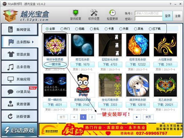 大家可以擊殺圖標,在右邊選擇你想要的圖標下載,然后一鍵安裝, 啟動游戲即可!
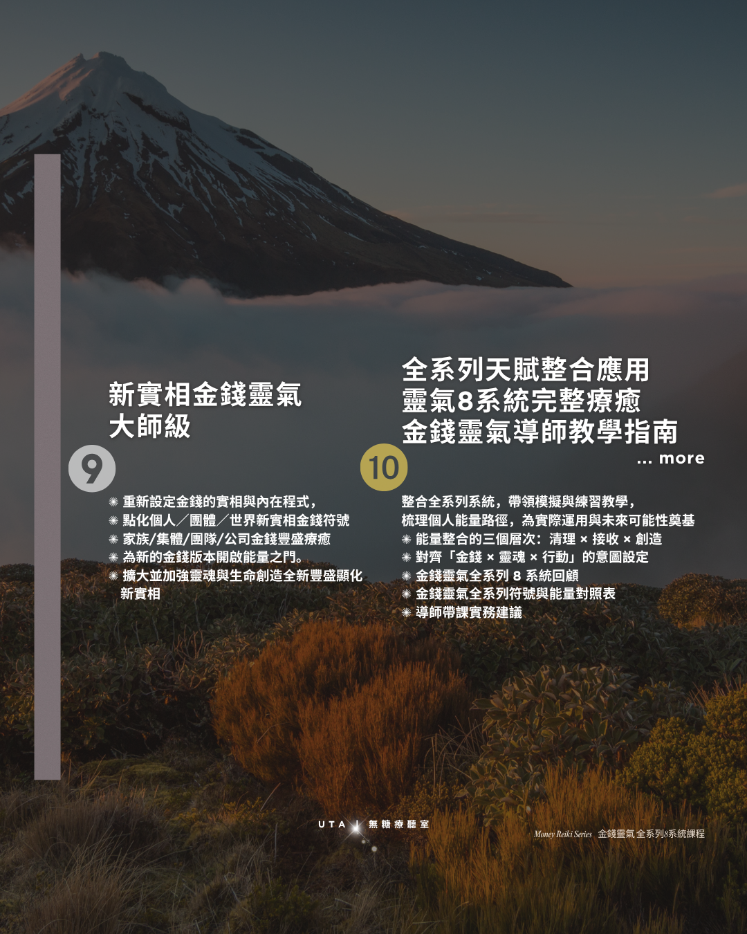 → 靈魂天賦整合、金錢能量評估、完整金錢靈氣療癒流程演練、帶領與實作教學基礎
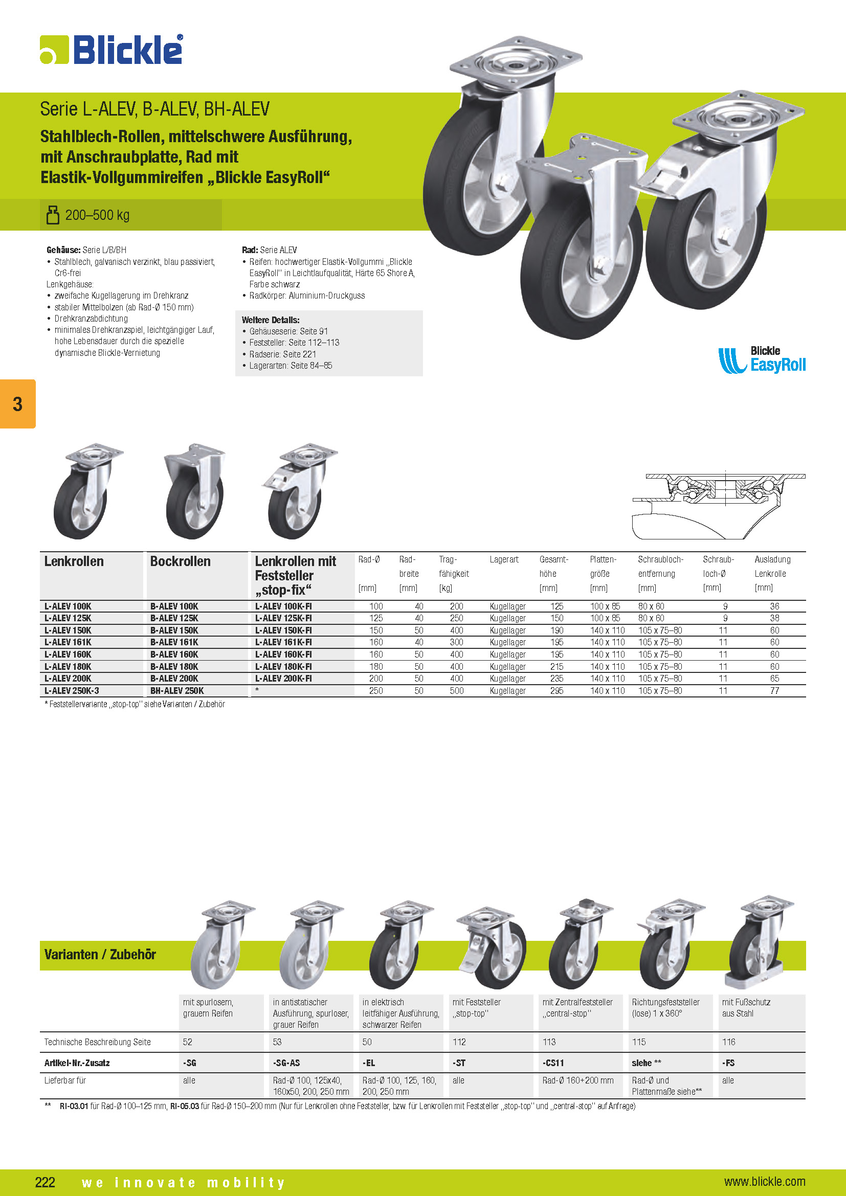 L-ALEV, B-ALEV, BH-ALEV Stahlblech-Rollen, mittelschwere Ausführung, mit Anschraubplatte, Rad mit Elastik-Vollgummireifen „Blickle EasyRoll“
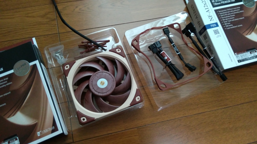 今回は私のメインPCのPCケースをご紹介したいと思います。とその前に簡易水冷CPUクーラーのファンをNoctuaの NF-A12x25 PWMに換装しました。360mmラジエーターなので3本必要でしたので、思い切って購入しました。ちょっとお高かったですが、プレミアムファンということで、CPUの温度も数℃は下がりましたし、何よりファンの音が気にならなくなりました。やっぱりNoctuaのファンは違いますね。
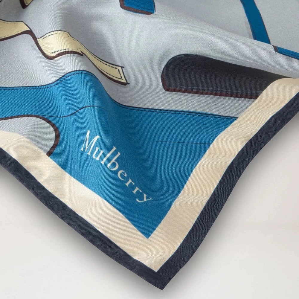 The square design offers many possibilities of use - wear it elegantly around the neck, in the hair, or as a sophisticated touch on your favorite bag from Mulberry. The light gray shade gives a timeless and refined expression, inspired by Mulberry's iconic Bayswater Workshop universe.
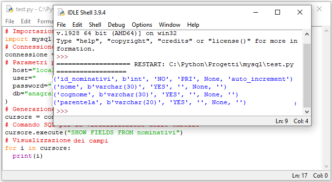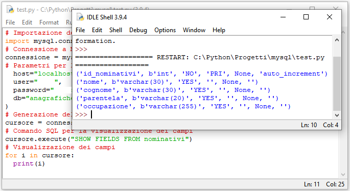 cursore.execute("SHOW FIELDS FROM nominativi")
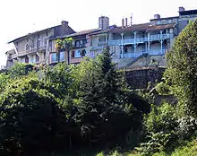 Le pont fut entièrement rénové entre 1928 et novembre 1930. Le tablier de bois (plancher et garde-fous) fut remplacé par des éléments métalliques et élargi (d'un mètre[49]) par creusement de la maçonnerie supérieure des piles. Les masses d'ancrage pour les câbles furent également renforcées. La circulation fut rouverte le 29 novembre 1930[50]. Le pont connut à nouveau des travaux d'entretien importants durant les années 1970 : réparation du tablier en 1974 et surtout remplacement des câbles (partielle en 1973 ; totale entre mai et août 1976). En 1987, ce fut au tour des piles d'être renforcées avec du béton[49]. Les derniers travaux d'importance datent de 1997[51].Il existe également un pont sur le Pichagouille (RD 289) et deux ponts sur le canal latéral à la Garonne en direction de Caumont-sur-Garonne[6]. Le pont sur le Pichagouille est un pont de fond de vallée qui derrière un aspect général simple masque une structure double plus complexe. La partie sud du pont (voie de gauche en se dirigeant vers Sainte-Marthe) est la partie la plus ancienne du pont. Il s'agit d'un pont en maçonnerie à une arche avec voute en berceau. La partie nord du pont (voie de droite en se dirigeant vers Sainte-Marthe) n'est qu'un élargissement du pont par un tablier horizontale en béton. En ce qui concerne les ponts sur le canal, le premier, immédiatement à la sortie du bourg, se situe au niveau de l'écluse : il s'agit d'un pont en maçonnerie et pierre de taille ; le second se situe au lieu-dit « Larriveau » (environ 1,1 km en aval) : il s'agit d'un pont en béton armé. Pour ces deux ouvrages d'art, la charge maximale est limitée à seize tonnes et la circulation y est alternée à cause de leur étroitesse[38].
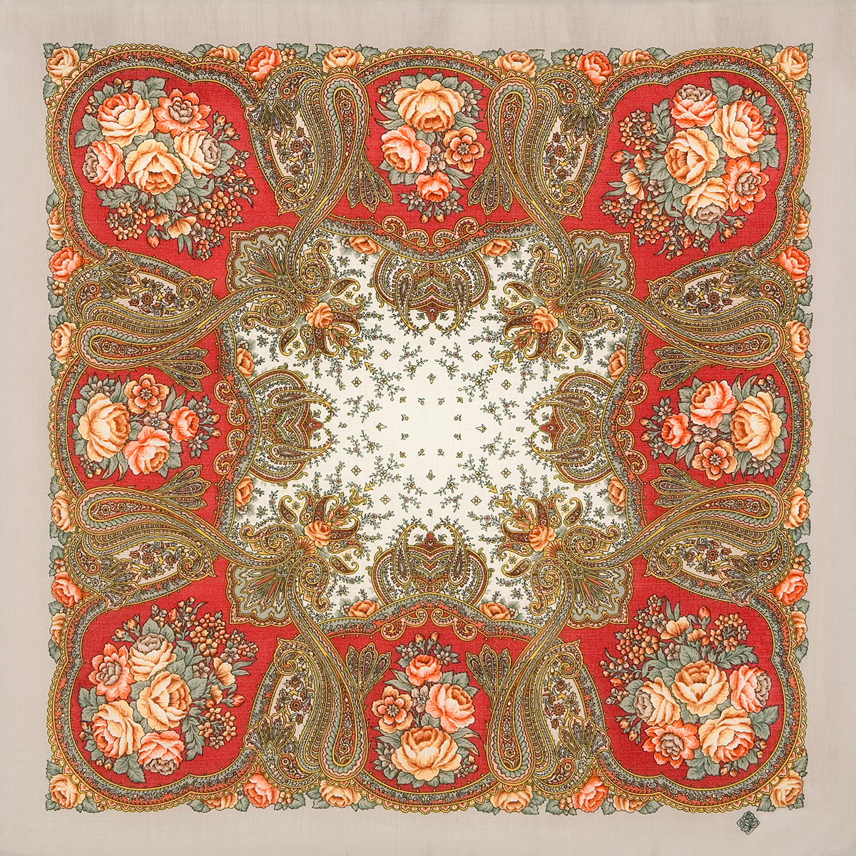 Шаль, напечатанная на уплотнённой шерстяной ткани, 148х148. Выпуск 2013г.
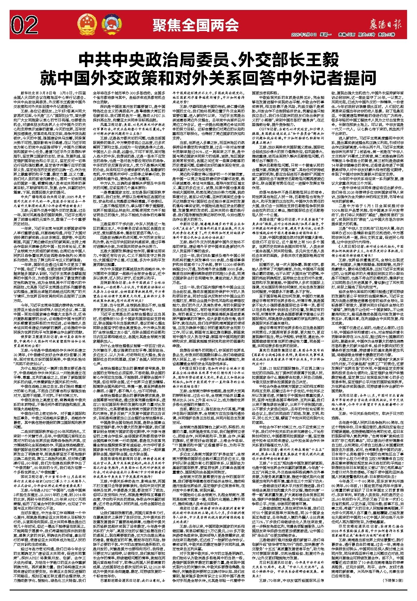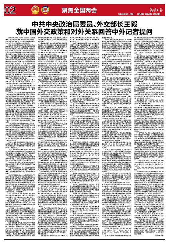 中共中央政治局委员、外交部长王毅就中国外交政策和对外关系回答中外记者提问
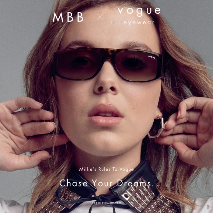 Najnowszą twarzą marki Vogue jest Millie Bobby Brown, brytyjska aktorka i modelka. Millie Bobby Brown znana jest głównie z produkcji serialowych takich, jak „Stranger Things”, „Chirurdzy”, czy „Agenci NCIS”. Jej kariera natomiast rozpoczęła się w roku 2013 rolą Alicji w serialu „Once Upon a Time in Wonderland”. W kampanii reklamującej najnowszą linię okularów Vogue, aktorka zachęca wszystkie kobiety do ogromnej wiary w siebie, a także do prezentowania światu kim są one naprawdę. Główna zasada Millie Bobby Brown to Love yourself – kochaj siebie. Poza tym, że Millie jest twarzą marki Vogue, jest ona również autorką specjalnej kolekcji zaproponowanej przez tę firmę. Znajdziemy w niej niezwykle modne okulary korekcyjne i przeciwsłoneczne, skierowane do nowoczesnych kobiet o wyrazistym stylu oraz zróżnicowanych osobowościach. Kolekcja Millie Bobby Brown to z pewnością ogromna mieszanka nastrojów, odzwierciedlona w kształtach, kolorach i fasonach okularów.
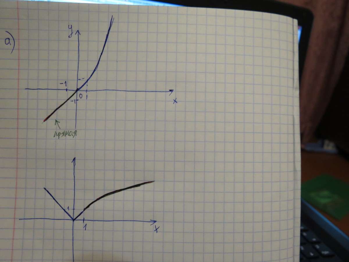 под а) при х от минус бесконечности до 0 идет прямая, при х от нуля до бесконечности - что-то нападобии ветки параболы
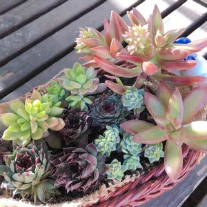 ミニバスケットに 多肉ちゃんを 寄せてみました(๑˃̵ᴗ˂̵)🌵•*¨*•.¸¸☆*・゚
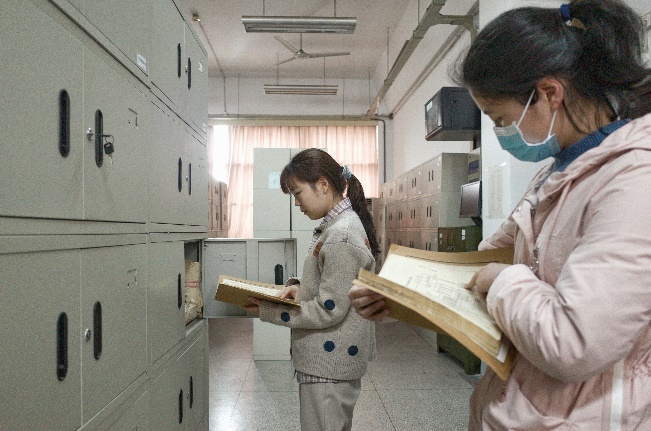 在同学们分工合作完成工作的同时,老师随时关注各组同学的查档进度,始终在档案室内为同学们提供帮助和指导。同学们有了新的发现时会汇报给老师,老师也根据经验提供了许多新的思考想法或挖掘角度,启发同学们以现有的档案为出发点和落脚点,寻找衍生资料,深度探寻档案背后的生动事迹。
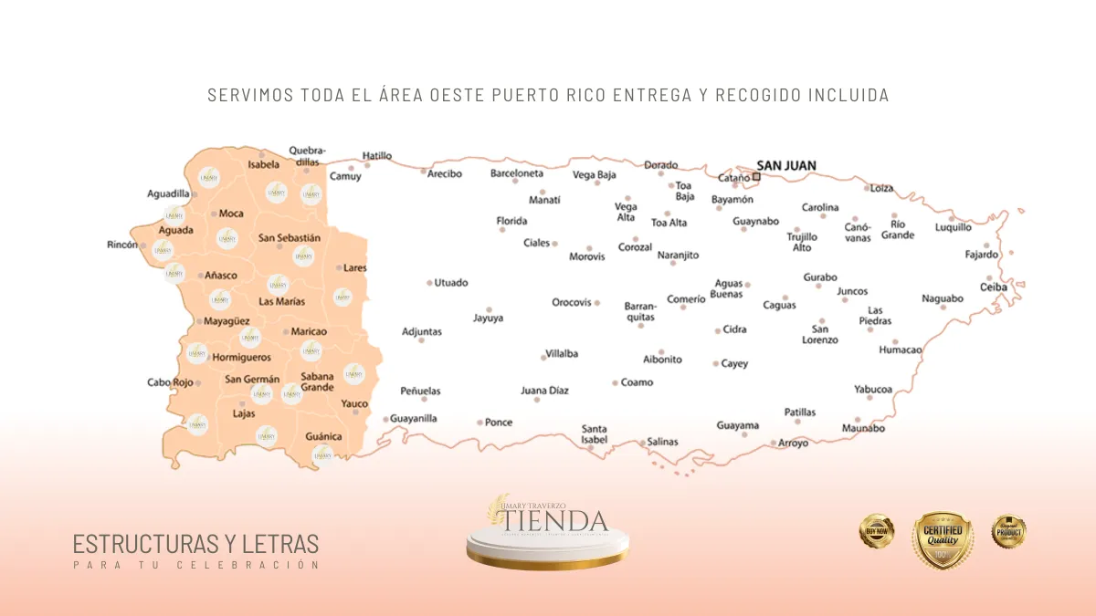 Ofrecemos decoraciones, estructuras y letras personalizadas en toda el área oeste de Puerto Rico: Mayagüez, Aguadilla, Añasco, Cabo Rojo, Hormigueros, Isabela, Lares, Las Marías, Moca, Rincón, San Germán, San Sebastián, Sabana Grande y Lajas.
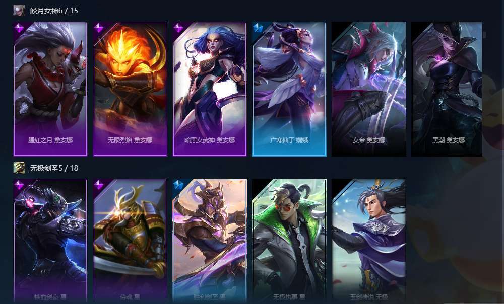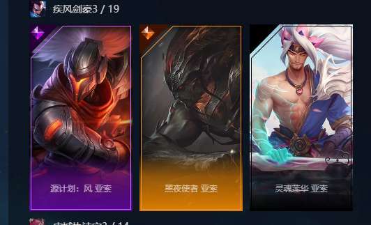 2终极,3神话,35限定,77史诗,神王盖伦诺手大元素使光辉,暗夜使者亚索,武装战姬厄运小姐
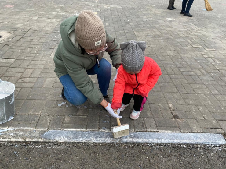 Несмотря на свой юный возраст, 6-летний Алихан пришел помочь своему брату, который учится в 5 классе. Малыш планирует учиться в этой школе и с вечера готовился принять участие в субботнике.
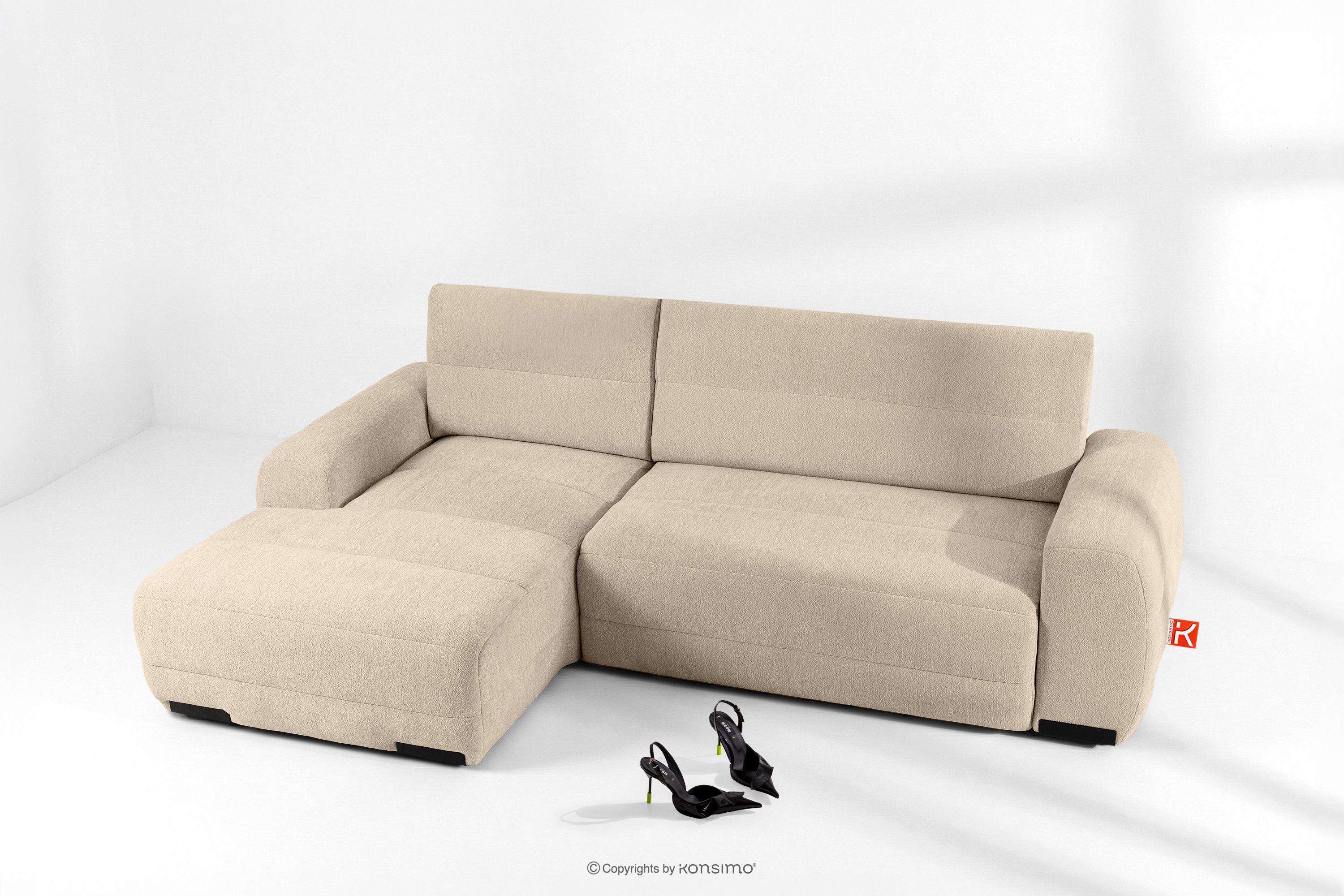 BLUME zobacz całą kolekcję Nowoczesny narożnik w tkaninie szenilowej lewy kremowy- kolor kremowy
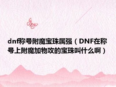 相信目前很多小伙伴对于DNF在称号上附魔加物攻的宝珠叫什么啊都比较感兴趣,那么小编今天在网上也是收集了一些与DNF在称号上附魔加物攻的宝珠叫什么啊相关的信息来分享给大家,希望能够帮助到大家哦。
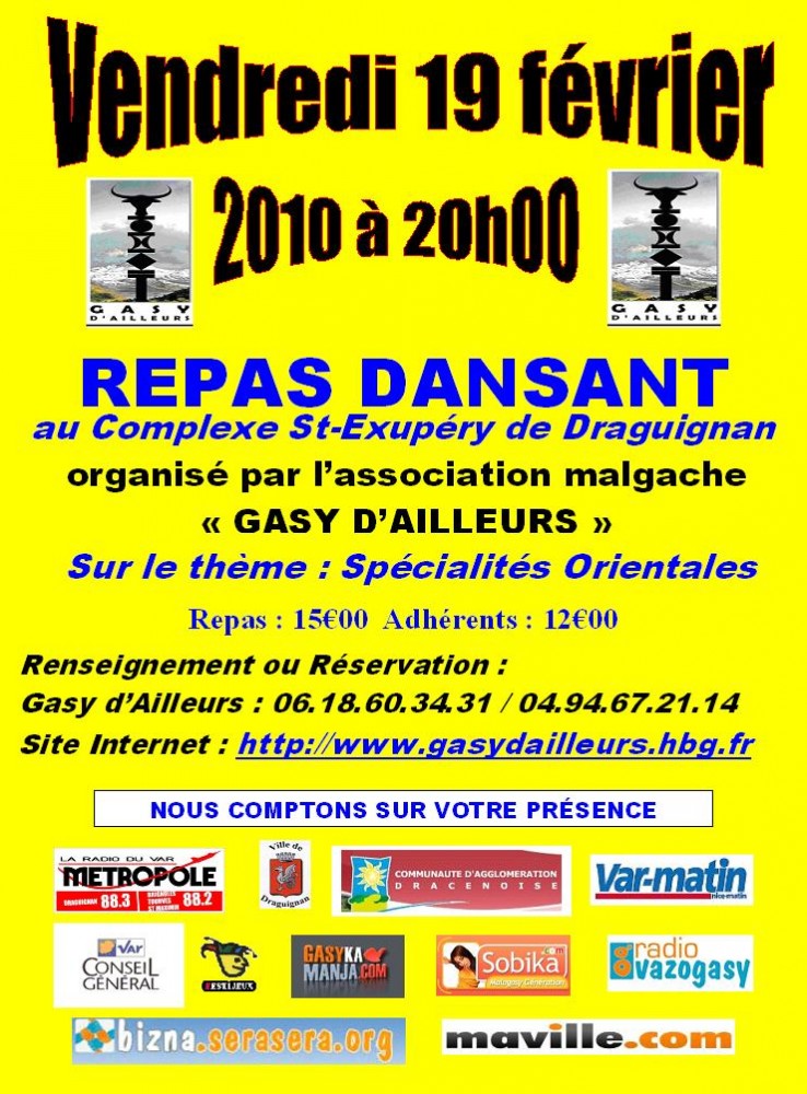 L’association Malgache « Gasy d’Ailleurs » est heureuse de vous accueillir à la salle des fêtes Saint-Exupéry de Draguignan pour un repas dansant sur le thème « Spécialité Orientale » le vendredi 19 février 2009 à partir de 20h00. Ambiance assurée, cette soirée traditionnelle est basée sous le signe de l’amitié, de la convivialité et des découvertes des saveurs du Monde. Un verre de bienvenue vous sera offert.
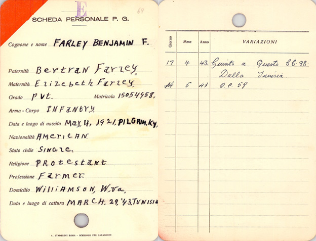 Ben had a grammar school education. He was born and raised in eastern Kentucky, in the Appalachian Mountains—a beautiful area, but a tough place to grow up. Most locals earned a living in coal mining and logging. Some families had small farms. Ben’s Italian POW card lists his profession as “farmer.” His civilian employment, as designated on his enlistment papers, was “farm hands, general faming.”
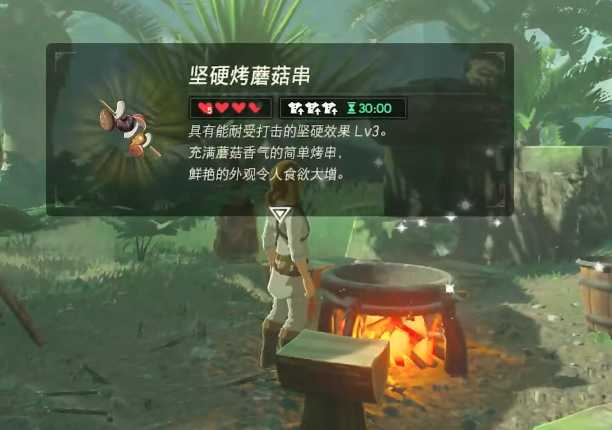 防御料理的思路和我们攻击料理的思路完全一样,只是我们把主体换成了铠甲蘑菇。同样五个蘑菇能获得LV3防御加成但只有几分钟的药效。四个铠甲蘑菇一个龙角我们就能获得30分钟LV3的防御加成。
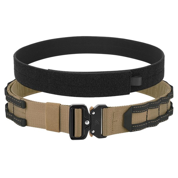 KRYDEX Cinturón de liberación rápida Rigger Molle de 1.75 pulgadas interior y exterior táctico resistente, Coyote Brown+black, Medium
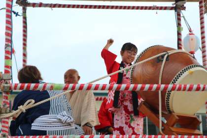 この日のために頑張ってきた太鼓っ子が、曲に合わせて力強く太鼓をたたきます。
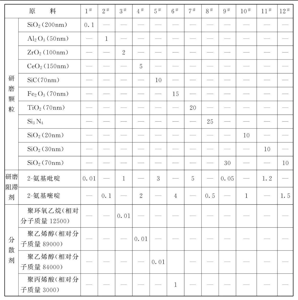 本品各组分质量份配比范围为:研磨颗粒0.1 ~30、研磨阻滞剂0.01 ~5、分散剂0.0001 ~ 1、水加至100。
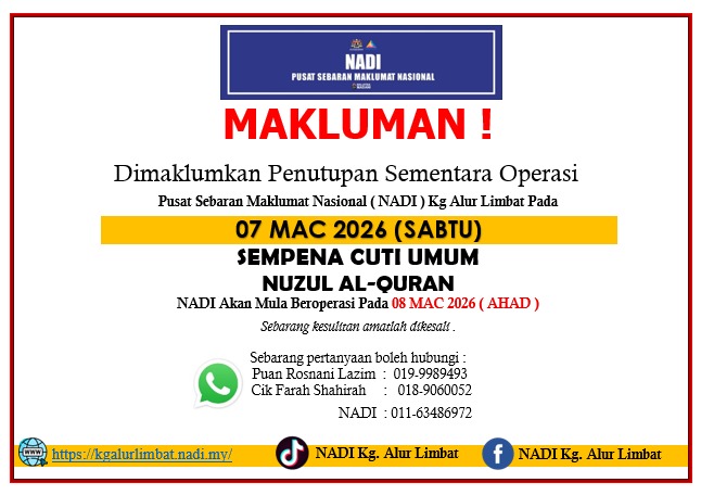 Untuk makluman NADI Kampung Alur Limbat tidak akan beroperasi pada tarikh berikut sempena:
════
* Exercise requirements
Please copy the lines above exactly, starting at the line that holds "2终极,3神话,35限定,7" and ending at the line that holds "BLUME zobacz całą"; include both, but no pictures.

* Exercise solution
 2终极,3神话,35限定,77史诗,神王盖伦诺手大元素使光辉,暗夜使者亚索,武装战姬厄运小姐
 Несмотря на свой юный возраст, 6-летний Алихан пришел помочь своему брату, который учится в 5 классе. Малыш планирует учиться в этой школе и с вечера готовился принять участие в субботнике.
 BLUME zobacz całą kolekcję Nowoczesny narożnik w tkaninie szenilowej lewy kremowy- kolor kremowy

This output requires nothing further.